Co-Authored-By: Claude Opus 4.6 &lt;noreply@anthropic.com&gt;
diff --git a/README.md b/README.md
@@ -54,6 +54,7 @@ https://github.com/user-attachments/assets/3f5f0c48-ff3f-4b9b-985b-59ad0b2ea97c
 
 ## Update
 
+- [Feb 15 2026] Stage Advantage **advantage labels** (`Task_A/advantage/`) released on [Hugging Face](https://huggingface.co/datasets/OpenDriveLab-org/Kai0) and [ModelScope](https://www.modelscope.cn/datasets/OpenDriveLab/Kai0).
 - [Feb 15 2026] Release of the **Train-Deploy Alignment** module: data augmentation (time scaling, space mirroring), DAgger data collection, inference with temporal smoothing/ensembling and RTC, and HDF5-to-LeRobot conversion.
 - [Feb 14 2026] Release of the **Stage Advantage** module: advantage estimator training, evaluation, GT labeling, and AWBC training pipeline.
 - [Feb 10 2026] Initial release of the **Model Arithmetic** module with support for both JAX and PyTorch checkpoints (not tested thoroughly).
@@ -212,7 +213,7 @@ Checkpoints are written to the config’s checkpoint directory. You can then use
 - [x] Model Arithmetic: code of different baselines for weight-space interpolation
 - [x] Stage Advantage: code, data (advantage labels), and checkpoints
 - [x] Train-Deploy Alignment: data augmentation, DAgger, inference (temporal smoothing, ensembling, RTC)

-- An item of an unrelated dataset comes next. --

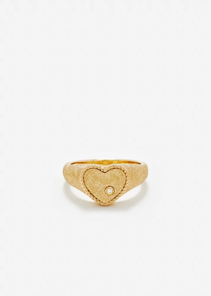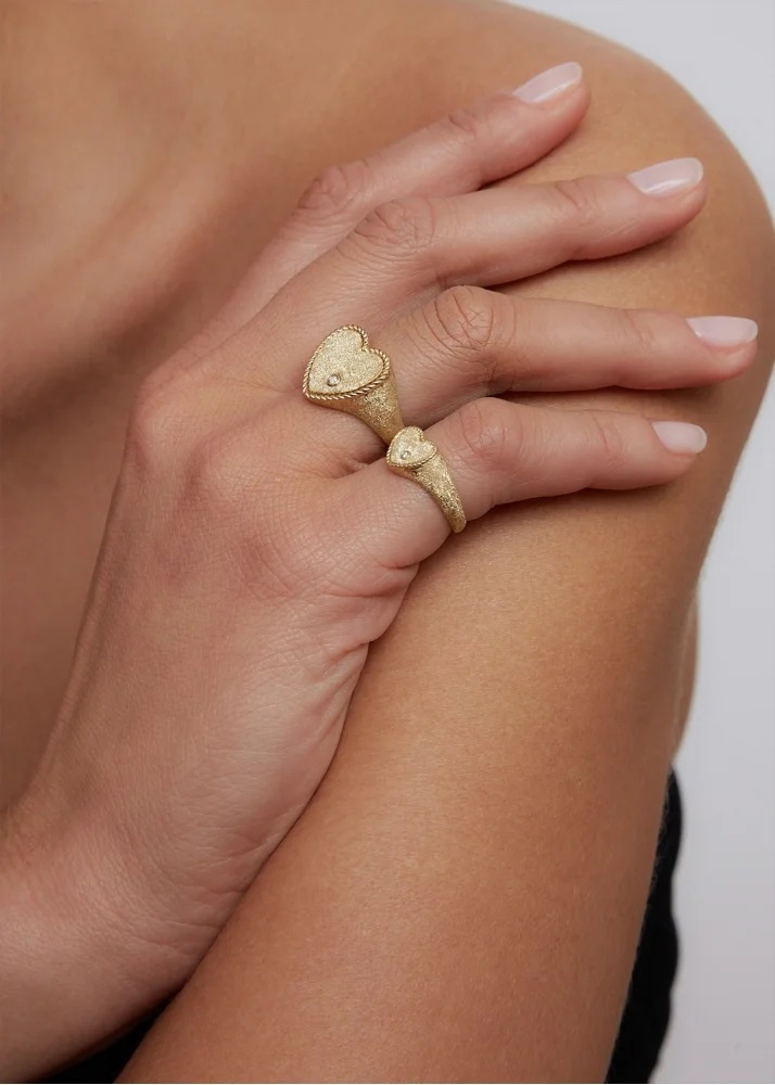 Kultowy złoty pierścionek sygnet w kształcie serca. Wykonany ręcznie w paryskim atelier z 9-karatowego szczotkowanego żółtego złota. Specjalne wykończenie pierścionka tworzy delikatny młotkowany wygląd i dodaje tekstury do gładkiej, złotej powierzchni. Matowe wykończenie zmienia się w połysk gdy dostaje promieni światła. Kształt serca pierścionka Yvonne Léon sprawia, że ​​jest to bardzo przemyślany prezent dla ukochanej osoby jak również dla sprawienia radości samej sobie. Wersja mini tego złotego sygnetu, z pewnością oczaruje Cię swoją niewymuszoną lekkością i pięknem.

-- [ ] HuggingFace & ModelScope: upload Stage Advantage data and checkpoints
+- [x] HuggingFace & ModelScope: Stage Advantage data (`Task_A/advantage/`) and checkpoints uploaded
 
 ## Model Arithmetic
 
diff --git a/stage_advantage/README.md b/stage_advantage/README.md
@@ -22,7 +22,7 @@ This module implements a pipeline for training an **Advantage Estimator** and us
 
 **End-to-end order for AWBC:** (1) Stage 0 on data with `progress` → optional for Stage 1. (2) Stage 1 → train estimator. (3) Stage 2 → run eval on your dataset so it gets `data_PI06_100000/` or `data_KAI0_100000/` with advantage columns. (4) Run Stage 0 again with `--advantage-source absolute_advantage` on that dataset (e.g. via `gt_labeling.sh` with `DATA_PATH` = the repo you ran eval on, and source subdirs `data_PI06_100000` / `data_KAI0_100000`). (5) Point AWBC config `repo_id` at the resulting advantage-labeled directory and run Stage 3 training.
 
-**Pre-annotated data:** The downloaded dataset includes **`data/Task_A/advantage`**, a fully annotated advantage dataset that can be used **directly for AWBC training** (Stage 3) without running Stage 0–2. Set the AWBC config `repo_id` to that path and run training.
+**Pre-annotated data:** The released dataset includes **`Task_A/advantage/`**, a fully annotated advantage dataset that can be used **directly for AWBC training** (Stage 3) without running Stage 0–2. It is available in both the [Hugging Face](https://huggingface.co/datasets/OpenDriveLab-org/Kai0) and [ModelScope](https://www.modelscope.cn/datasets/OpenDriveLab/Kai0) dataset repos. After downloading (e.g. via `scripts/download_dataset.py`), set the AWBC config `repo_id` to the local path (e.g. `<repo_root>/data/Task_A/advantage`) and run training.
 
 ---
 
diff --git a/stage_advantage/awbc/README.md b/stage_advantage/awbc/README.md
@@ -19,7 +19,7 @@ Each uses `base_config=DataConfig(prompt_from_task=True)` so that the dataset’
 1. **Advantage dataset**  
    The data must have `task_index` in each parquet and `meta/tasks.jsonl` (prompt strings per `task_index`).
 
-   **Pre-annotated data:** The downloaded dataset includes **`data/Task_A/advantage`**, a fully annotated advantage dataset that can be used **directly for AWBC training** (no need to run Stage 0–2 first). Set the AWBC config `repo_id` to that path and run the training commands below.
+   **Pre-annotated data:** The released dataset includes **`Task_A/advantage/`**, a fully annotated advantage dataset that can be used **directly for AWBC training** (no need to run Stage 0–2 first). It is available in both the [Hugging Face](https://huggingface.co/datasets/OpenDriveLab-org/Kai0) and [ModelScope](https://www.modelscope.cn/datasets/OpenDriveLab/Kai0) dataset repos. After downloading, set the AWBC config `repo_id` to the local path (e.g. `<repo_root>/data/Task_A/advantage`) and run the training commands below.
 
    To build your own advantage dataset instead:
    - Run **Stage 2** (eval) on your dataset → get `data_PI06_100000/` or `data_KAI0_100000/` with advantage columns.